EXERCISE REQUIREMENTS: Using the listing below, please print exactly the lines from the one with "今回は、ベートホヴェンやシュ" through the one with "de l'abbaye d'Aubazine". Leave out every picture.
▼▼▼
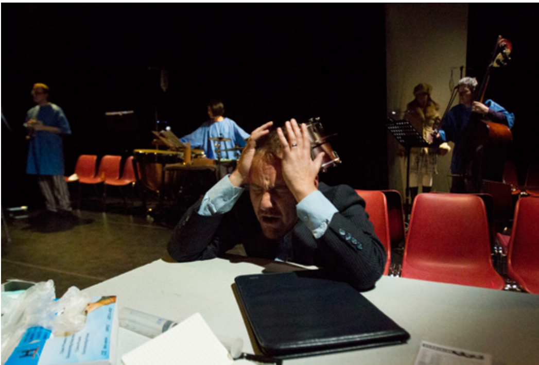
'Black Perfume' 2013
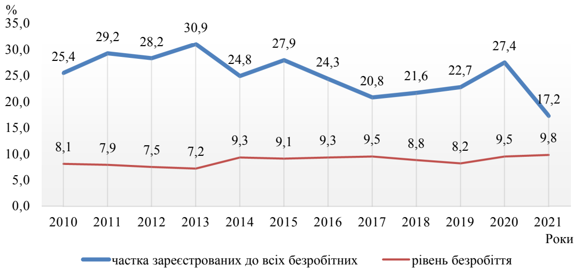
Рис. 1. Динаміка рівня безробіття та частки зареєстрованих до всіх безробітних (сформовано авторами на основі джерела [8])

сягнувши найнижчого рівня у 2021 р. – 17,2%. Це свідчить як про те, що значна частина населення має неофіційне працевлаштування, так і про те, що більшість непрацюючого населення не сподівається знайти роботу через центри зайнятості і навіть не звертається до них.
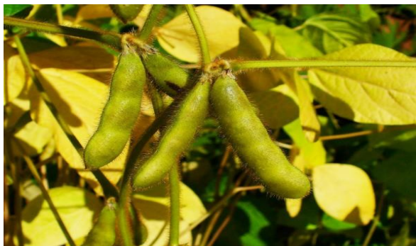
Slika 5. Mahuna soje

Plod soje je mahuna (Slika 5.) duga 3-5 cm, može biti žute, smeđe ili crne boje. Na površini je dlakava, gruba, kožasta i tvrda. U mahuni se nalaze 1-5 sjemenki. Masa 1000 sjemenki najčešće varira između 100 i 200 grama, ali može biti i u rasponu od 20- 500 grama (Vratarić i Sudarić, 2008.).
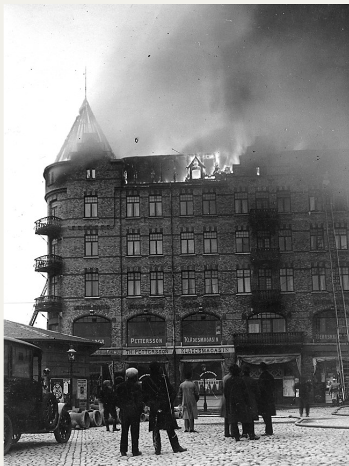
Vindsvåningen bildade ett enda jättebål.

En av nattvakterna alarmerade brandkåren, medan den andre varskodde polis, och inom få minuter var hela huset på benen. Med visslingar, rop och slag på dörrarna väcktes de sovande i de underliggande våningarna. Människorna rusade ut, de flesta endast halvklädda, för att sätta sig i säkerhet.
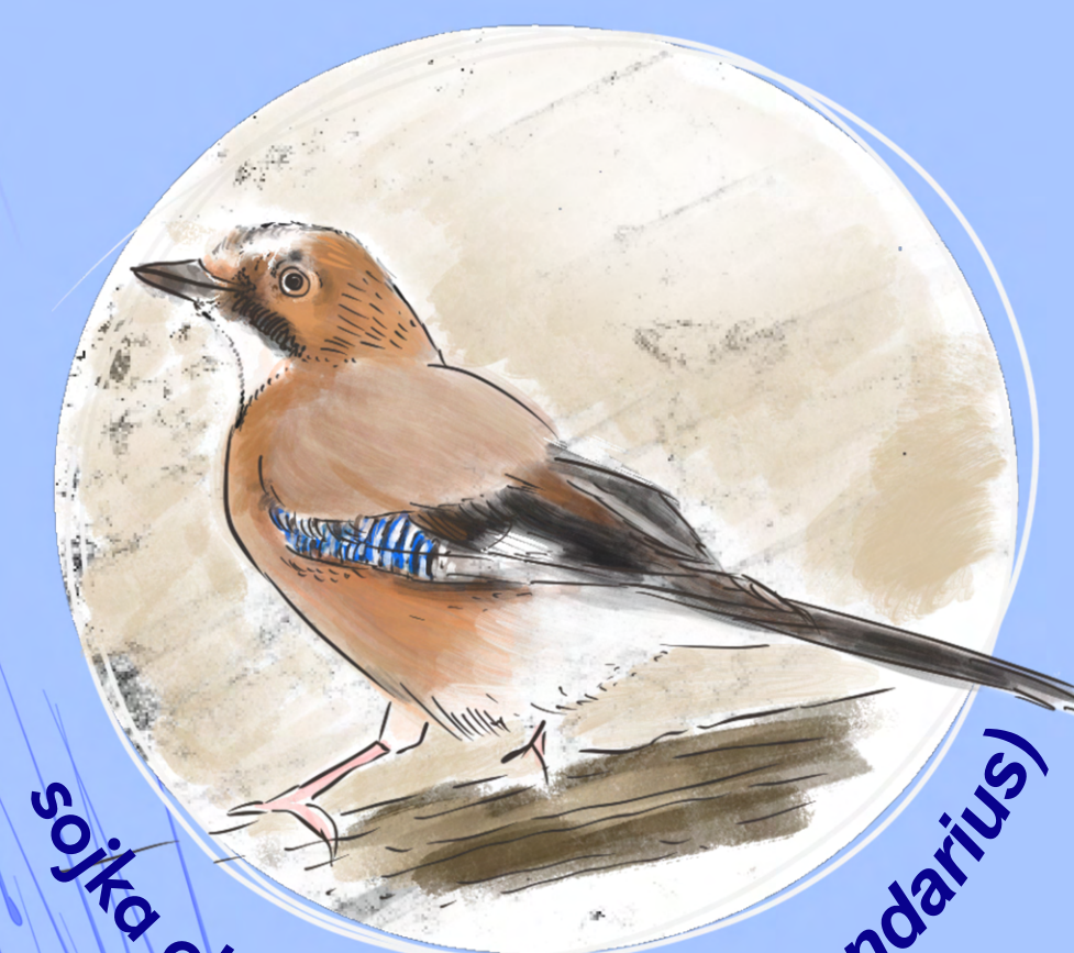
sojka obecná ( Garrulus glandarius )

Mezi rostlinami je vrstva mulče (štěrk), která zabraňuje prorůstání plevelů a brání vypařování vody.
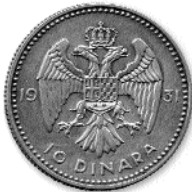
10 ДИНАРА, сребро, 1931. каш. бр. 57

жи срп и сноп жита, а десна мач и штит са државним грбом. У средини је исти текст као на лицу новчанице, исписан латиницом. Испод, у посебном оквиру, налази се текст клаузуле о фалсификату. У доњем углу лево и горњем десно је бројчана вредност новчанице - „1000”. Испод цртежа су имена аутора и гравера. Пуштена је у оптицај 1. јануара 1933, а повучена у периоду од 4. до 11. јуна 1941. године.
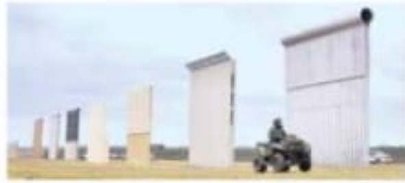
La CBP construyó prototipos del muro que luego fueron destruidos.
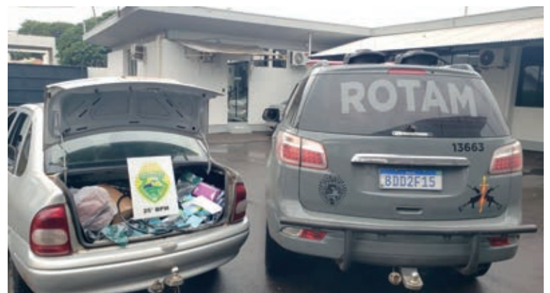
BANDIDOS fizeram o transbordo da carga ao Corsa Classic que foi usado no apoio e foi abordado no Parque das Jabuticabeiras

Policiais iniciaram patrulhamentos na tentativa de localizar os veículos, até receberem informações dando conta de que o furgão roubado havia sido visto na Estrada Jurupoca.
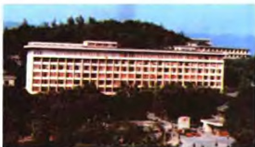
▲ 福建省人民政府办公楼
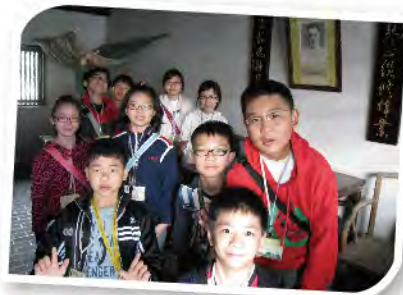
■ 這是葉劍英先生的房間。
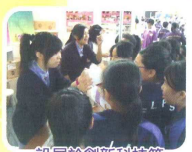
設展於創新科技節
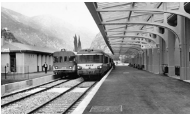
1979 : réouverture de la ICuneo – Ventimiglia avec nouveau bâtiment quai 2.
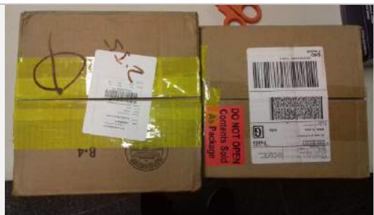
Vista parcial de la llegada de las cajas con sobre especiales
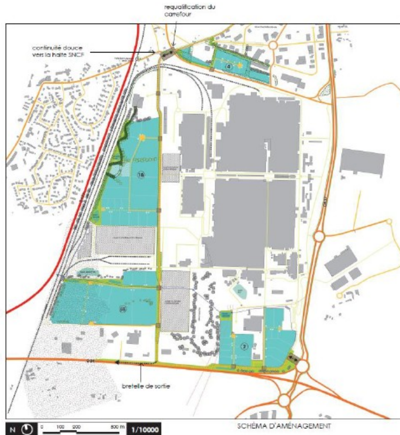
Illustration 2 : Schéma d'aménagement

La présentation d'une analyse des déplacements des poids lourds en phase travaux avec les mesures permettant de limiter les nuisances liées aux transports de matériaux mérite d'être menée dans cette situation.
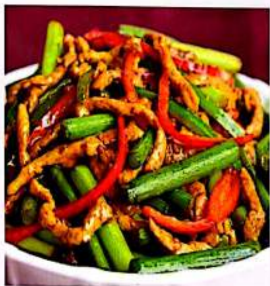
96 蒜苔肉丝 $ 12 Shredded Pork With Garlic Shoot
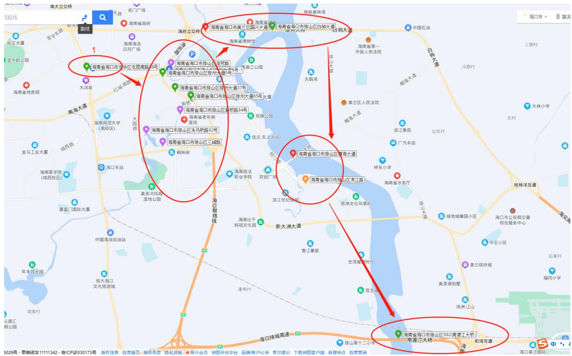
图 4 琼山区桥隧分布图
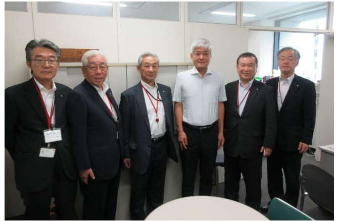
総務省 自治財政局 神門財政課長
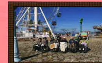
秋の遠足 ソレイユの丘
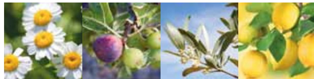
Camomille romaine Roman chamomile Camomila romana
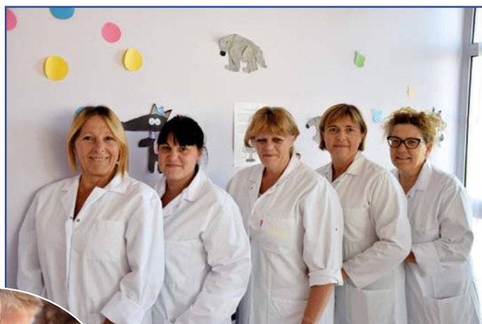
Office du Treuil
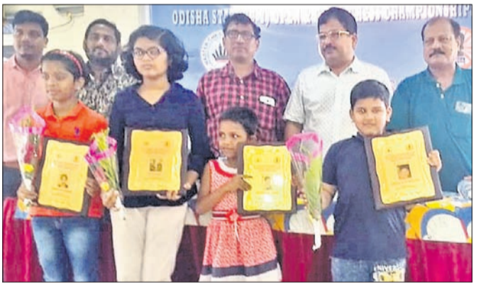
ଉଦ୍‌ଯାତନା ଉପରେ ସମର୍ଥନ ଖେଳାଳିମାନେ କର୍ମକର୍ମାଣ୍ଡ ସହ।

କଟକ ଅଫିସ, ୨୬/୪: ମାଷ୍ଟର ଚେସ୍ ଫାଉଣ୍ଡେଶନ ଆନୁକୂଲ୍ୟରେ ଶୁକ୍ରବାର ଚାଳିକା ଜାତୀୟ ଫୁଟବଲ ଚାମ୍ପିୟନଶିପ ଅନୁଷ୍ଠିତ ହେବ। ଏ ନେଇ ଫୁଟବଲ ଆୟୋଜିଂ ଫର୍ମ ଓଡ଼ିଶା(ଫାଓ) ପକ୍ଷରୁ ଆସନ୍ତା ମେ ପହିଲାକୁ ସ୍ଥାନୀୟ ବାରିବାଟା ଷ୍ଟାଡିୟମରେ ରାଜ୍ୟ ସରକ୍ଷିତ ଚାଳିକା ଦଳର ପ୍ରସ୍ତୁତି ଓ ଚୟନ ଶିବିର ଅନୁଷ୍ଠିତ ହେବ। ଶିବିରରେ ଯୋଗ ଦେବାକୁ ଉଚ୍ଚ ଶେଖାଳିକ କର୍ତ୍ତୃପକ୍ଷଙ୍କୁ କାର୍ଯ୍ୟକ୍ରମ ୧ ଚାଳିକା ୨୦୦୦ ଟିକେଟରେ ୩୧ ଚାଳିକା ମଧ୍ୟରେ ହୋଇଥିବା ଆବେଦନ। ଏହାଛଡ଼ା ଅନିଚ୍ଚିନାଳ କର୍ତ୍ତୃପକ୍ଷଙ୍କ ପ୍ରତି ସହ ଶିବିରରେ ଯୋଗ ଦେବାକୁ ଫାଓ ପକ୍ଷରୁ ନିବେଦନ କରାଯାଇଛି।
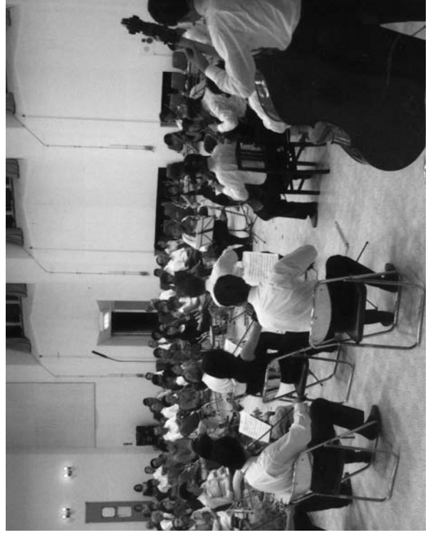
一流の演奏を堪能したコンサート

今回は、ベートホヴェンやシューベルトの弦楽四重奏曲、日本の歌メドレーなどが披露され、訪れた人たちは、鮫川村のために編成された室内楽を堪能しました。
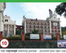
10 Naš nejmladší Branický pivovar - poslední piv bylo uvařeno v roce 2006. Autorem výjimečného pojednání zmečky Braník je Mikoláš Aleš.
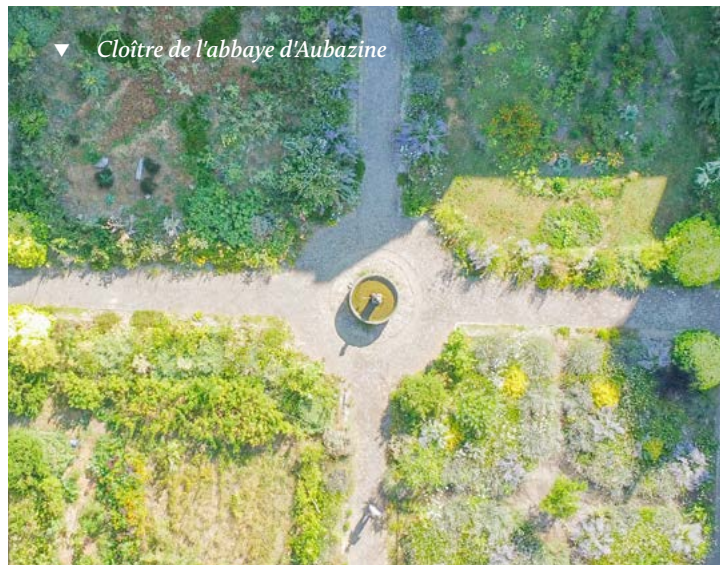
▼ Cloître de l'abbaye d'Aubazine
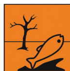
niebezpieczny dla środowiska
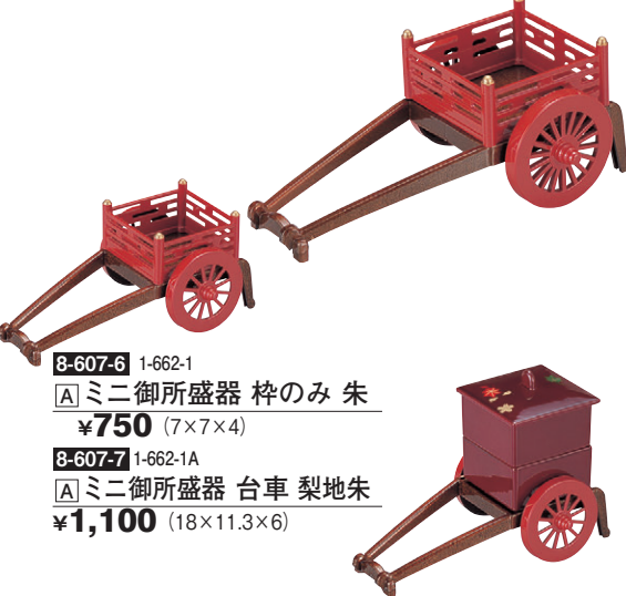
8-607-6 1-662-1 Aミニ御所盛器 枠のみ 朱 ¥750 (7×7×4) 8-607-7 1-662-1A Aミニ御所盛器 台車 梨地朱 ¥1,100 (18×11.3×6)
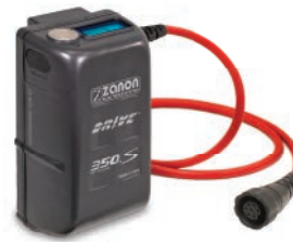
Batteries série DRIVE.S avec lecture numérique des fonctions de le sécateur
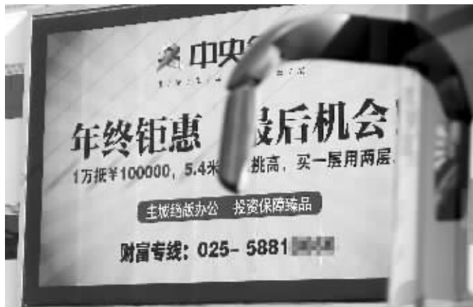
广告“造词”
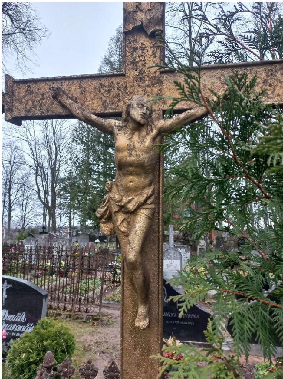
Fot. nr 5. Nagrobek Anny z Ryków Benisławskiej z cmentarza katolickiego w Krasławiu, Łotwa. Fragment z przedstawieniem Chrystusa.
▲▲▲
ANSWER BOX:
今回は、ベートホヴェンやシューベルトの弦楽四重奏曲、日本の歌メドレーなどが披露され、訪れた人たちは、鮫川村のために編成された室内楽を堪能しました。
10 Naš nejmladší Branický pivovar - poslední piv bylo uvařeno v roce 2006. Autorem výjimečného pojednání zmečky Braník je Mikoláš Aleš.
▼ Cloître de l'abbaye d'Aubazine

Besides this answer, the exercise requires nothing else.